L’Italia del Settecento non era certo il centro delle ricerche chimiche europee, ma i contributi degli italiani allo sviluppo della chimica non furono privi di importanza. Gli accademici piemontesi, Felice Fontana, Volta, Brugnatelli, Fabbroni e, per certi aspetti, Spallanzani diedero contributi fondamentali che vennero discussi e recepiti non soltanto nei vari Stati italiani ma anche all’estero.
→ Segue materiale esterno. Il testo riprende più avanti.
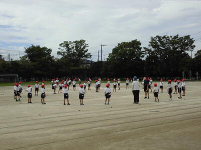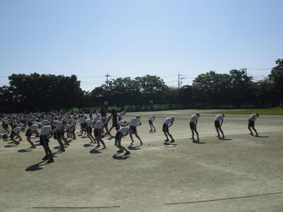 最後に全員で整理体操をして終わりました。さわやかな汗が光りました。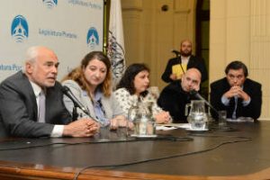 Foto : Juez Lozano, diputadas Muiños y Oliveto, ministro Ocampo y diputado Presti, en la inauguración de las deliberaciones. <a>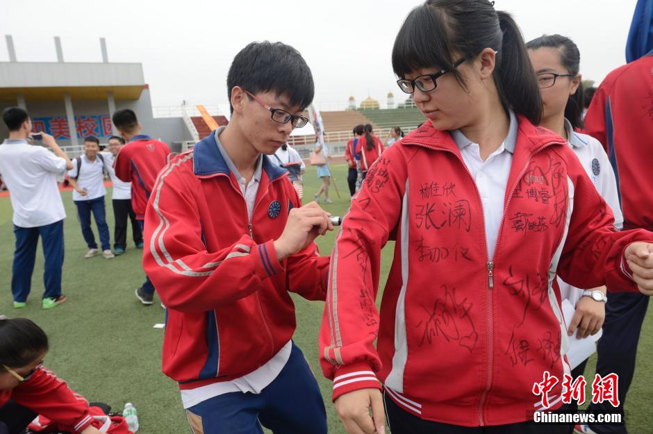 6月3日,毕业典礼现场,一位学生让同学把名字签在校服上。当日已经离高考时间不到一周,呼和浩特市第一中学老师、高三学生与家长共聚毕业典礼,感恩今天,为高考加油。 中新社发 刘文华 摄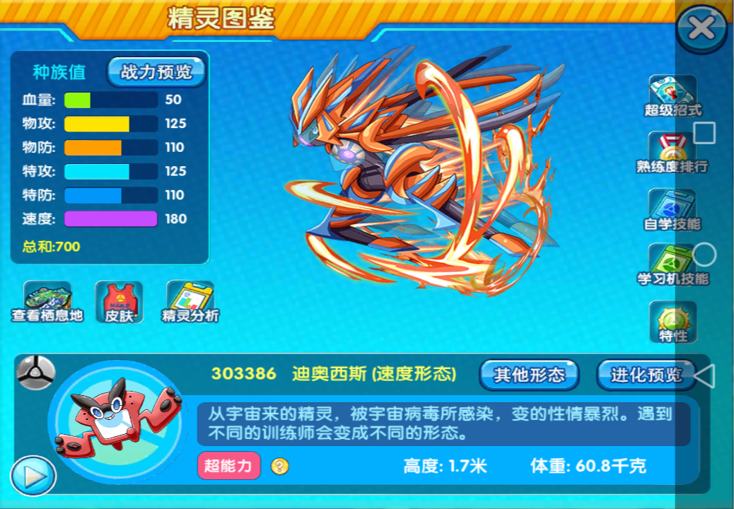 这个形态是外星人速度最快的一个,也是这款游戏里面速度第一的,除非是极限加速的z神,才有机会快得过,否则没有一个精灵可以快得过他,不过这个精灵快是挺快的,就是防御力还有输出能力基本上是没有,属于一个比较没有用的种族搭配,再加上现在的环境速度快,并没有什么太大的作用了,所以这个形态的外星人也慢慢的退出了PVP的战场,目前只是一个仓库的宠物,但是也是可以玩的,依靠自身的速度线,可以先手挑拨然后走气压消耗流还是很不错的。

Sicuramente ci furono disparità a livello regionale per quanto riguarda la qualità della ricerca, dovute da un lato alla frammentazione politica del Paese, e dall’altro alle risorse dei singoli Stati. Tuttavia la chimica italiana non era certamente arretrata rispetto alle nuove scoperte e si dimostrò capace di stare al passo con i tempi. La buona circolazione di periodici stranieri nel nostro Paese, e non solo nei centri più attivi, in primis il «Journal de physique» dell’abate Rozier, che veniva pubblicato dal 1771, e poi delle «Annales de chimie», pubblicate da Lavoisier e dai suoi collaboratori a partire dal 1789, consentiva agli scienziati e ai chimici italiani di essere rapidamente aggiornati sulle nuove scoperte e sulle nuove linee di ricerca.
I dibattiti e le controversie riportate in questa trattazione evidenziano il fatto che, nonostante la frammentazione politica della penisola, gli scienziati italiani erano in stretto contatto tra di loro: esisteva dunque una comunità scientifica italiana ben prima dell’esistenza dell’Italia stessa come Stato unitario. Oltre all’immancabile corrispondenza privata, fu soprattutto grazie all’opera di Carlo Amoretti (1741-1816) a Milano, editore degli Opuscoli scelti sulle scienze e sulle arti pubblicati a partire dal 1775, e di Luigi Brugnatelli, che pubblicò numerosi periodici scientifici tra il 1777 e il 1827, che si venne a creare nella penisola un senso di appartenenza a una comunità scientifica italiana, capace di valicare i confini dei vari Stati nazionali che costellavano il territorio del Paese.